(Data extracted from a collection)
Content starts

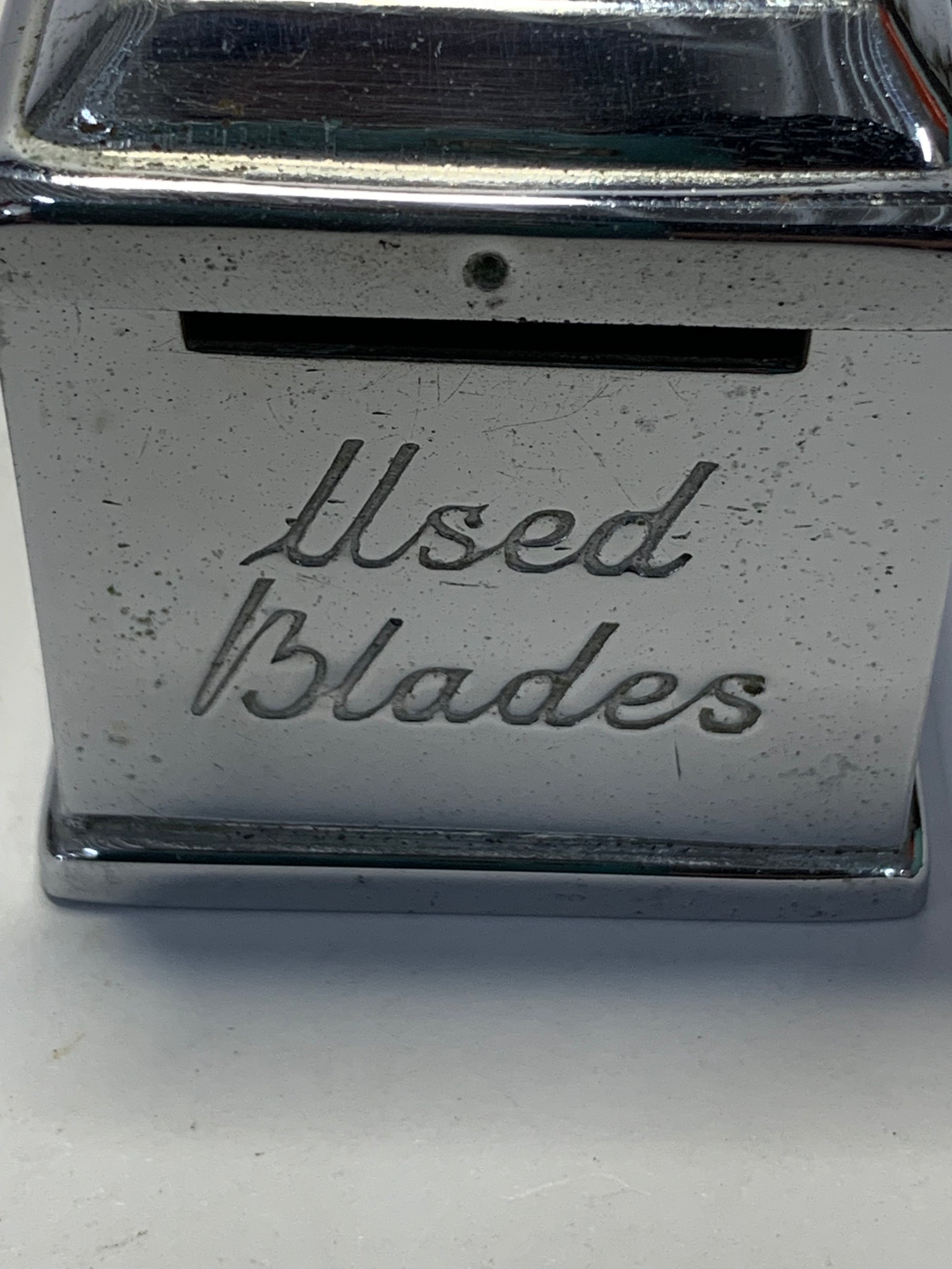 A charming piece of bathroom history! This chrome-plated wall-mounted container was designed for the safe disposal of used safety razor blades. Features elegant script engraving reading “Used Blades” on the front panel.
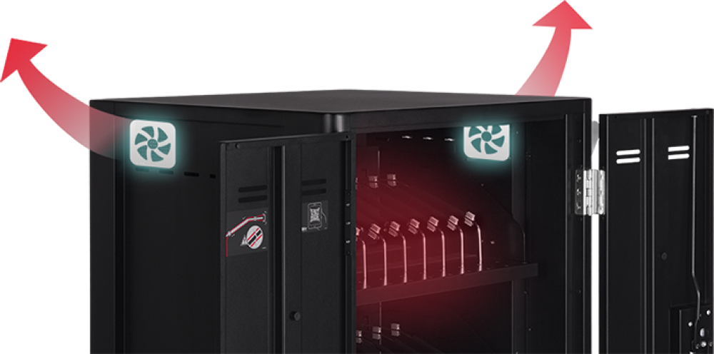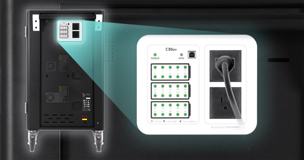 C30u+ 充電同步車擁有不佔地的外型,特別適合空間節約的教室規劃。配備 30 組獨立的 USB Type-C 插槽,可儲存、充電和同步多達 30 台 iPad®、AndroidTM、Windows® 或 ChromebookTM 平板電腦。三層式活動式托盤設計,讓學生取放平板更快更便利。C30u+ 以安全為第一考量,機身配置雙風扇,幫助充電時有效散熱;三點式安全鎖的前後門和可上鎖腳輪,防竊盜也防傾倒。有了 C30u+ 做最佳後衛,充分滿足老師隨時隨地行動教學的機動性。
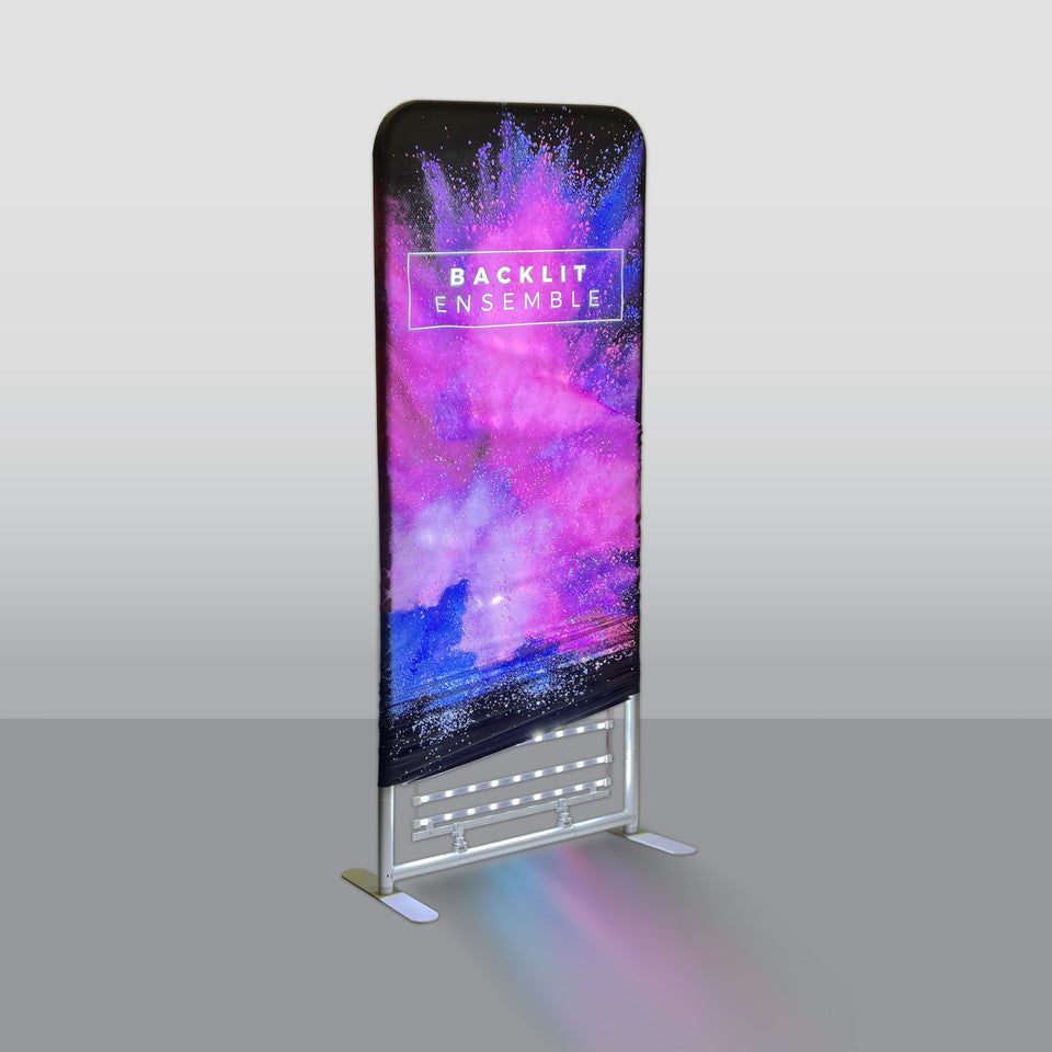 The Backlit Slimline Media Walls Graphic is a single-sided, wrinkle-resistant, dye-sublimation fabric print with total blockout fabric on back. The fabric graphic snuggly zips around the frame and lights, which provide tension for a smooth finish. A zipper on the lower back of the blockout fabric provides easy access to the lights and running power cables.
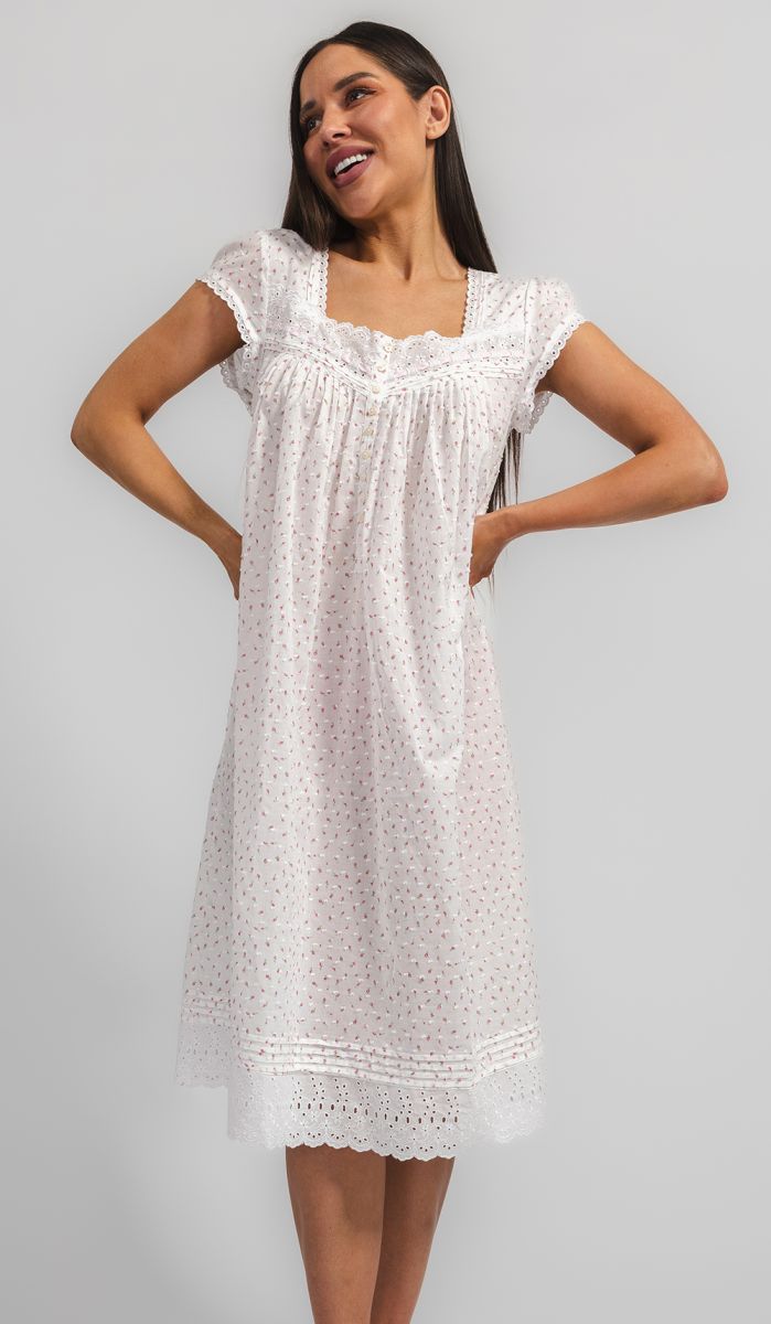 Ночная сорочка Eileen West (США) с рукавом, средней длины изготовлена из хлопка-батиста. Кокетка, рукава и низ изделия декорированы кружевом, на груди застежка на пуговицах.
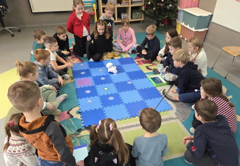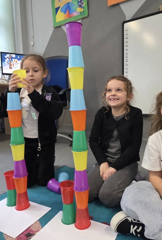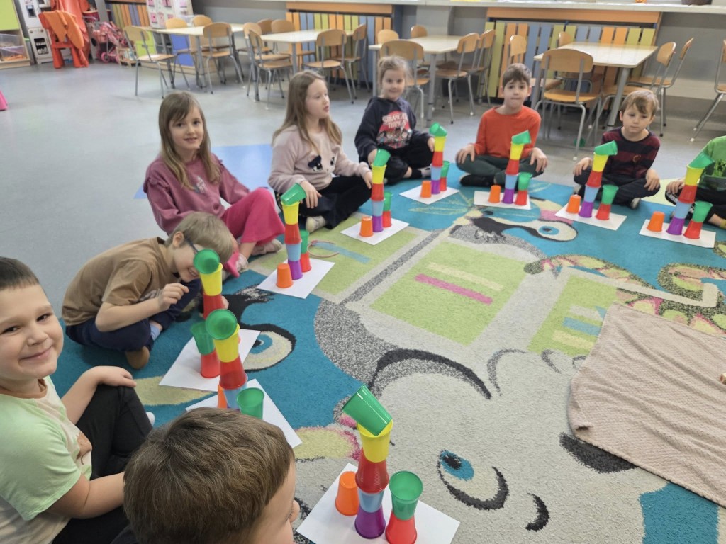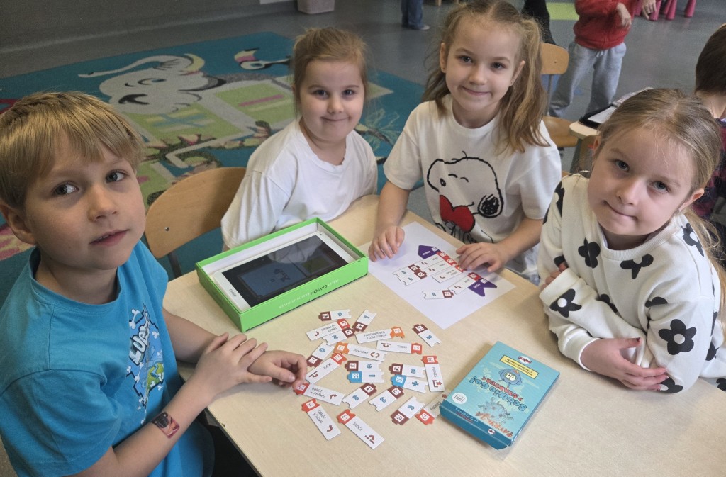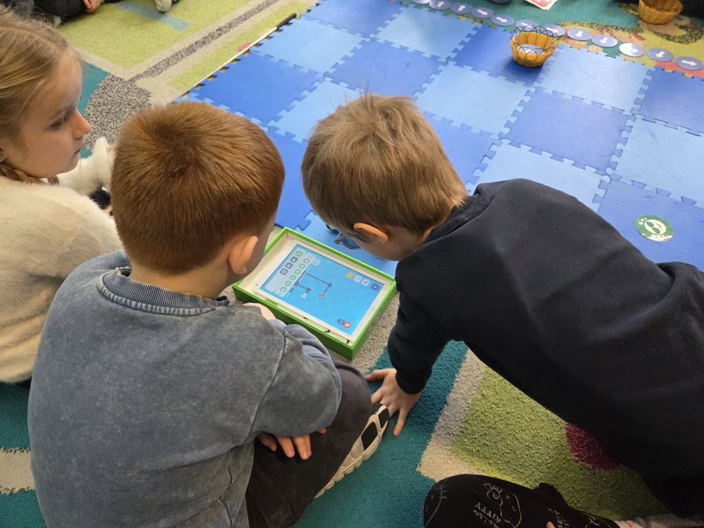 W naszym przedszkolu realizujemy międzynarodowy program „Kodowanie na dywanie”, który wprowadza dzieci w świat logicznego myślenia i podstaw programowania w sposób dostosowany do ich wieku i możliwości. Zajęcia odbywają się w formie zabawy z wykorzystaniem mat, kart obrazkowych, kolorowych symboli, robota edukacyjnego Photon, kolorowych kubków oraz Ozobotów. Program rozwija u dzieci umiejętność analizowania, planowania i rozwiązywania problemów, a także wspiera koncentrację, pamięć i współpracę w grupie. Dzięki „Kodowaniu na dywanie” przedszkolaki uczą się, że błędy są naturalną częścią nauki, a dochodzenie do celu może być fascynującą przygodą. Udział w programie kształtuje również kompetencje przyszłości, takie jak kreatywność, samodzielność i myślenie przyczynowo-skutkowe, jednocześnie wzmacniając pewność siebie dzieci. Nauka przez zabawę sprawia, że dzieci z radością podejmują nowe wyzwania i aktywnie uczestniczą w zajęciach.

Content ends

» **DESCRIPTION OF THE TASK**: Locate the line containing "Ночная сорочка Eileen" in the records above, then output it and every line after it through the last, excluding pictures.

» **RESPONSE AREA**:
 Ночная сорочка Eileen West (США) с рукавом, средней длины изготовлена из хлопка-батиста. Кокетка, рукава и низ изделия декорированы кружевом, на груди застежка на пуговицах.
 W naszym przedszkolu realizujemy międzynarodowy program „Kodowanie na dywanie”, który wprowadza dzieci w świat logicznego myślenia i podstaw programowania w sposób dostosowany do ich wieku i możliwości. Zajęcia odbywają się w formie zabawy z wykorzystaniem mat, kart obrazkowych, kolorowych symboli, robota edukacyjnego Photon, kolorowych kubków oraz Ozobotów. Program rozwija u dzieci umiejętność analizowania, planowania i rozwiązywania problemów, a także wspiera koncentrację, pamięć i współpracę w grupie. Dzięki „Kodowaniu na dywanie” przedszkolaki uczą się, że błędy są naturalną częścią nauki, a dochodzenie do celu może być fascynującą przygodą. Udział w programie kształtuje również kompetencje przyszłości, takie jak kreatywność, samodzielność i myślenie przyczynowo-skutkowe, jednocześnie wzmacniając pewność siebie dzieci. Nauka przez zabawę sprawia, że dzieci z radością podejmują nowe wyzwania i aktywnie uczestniczą w zajęciach.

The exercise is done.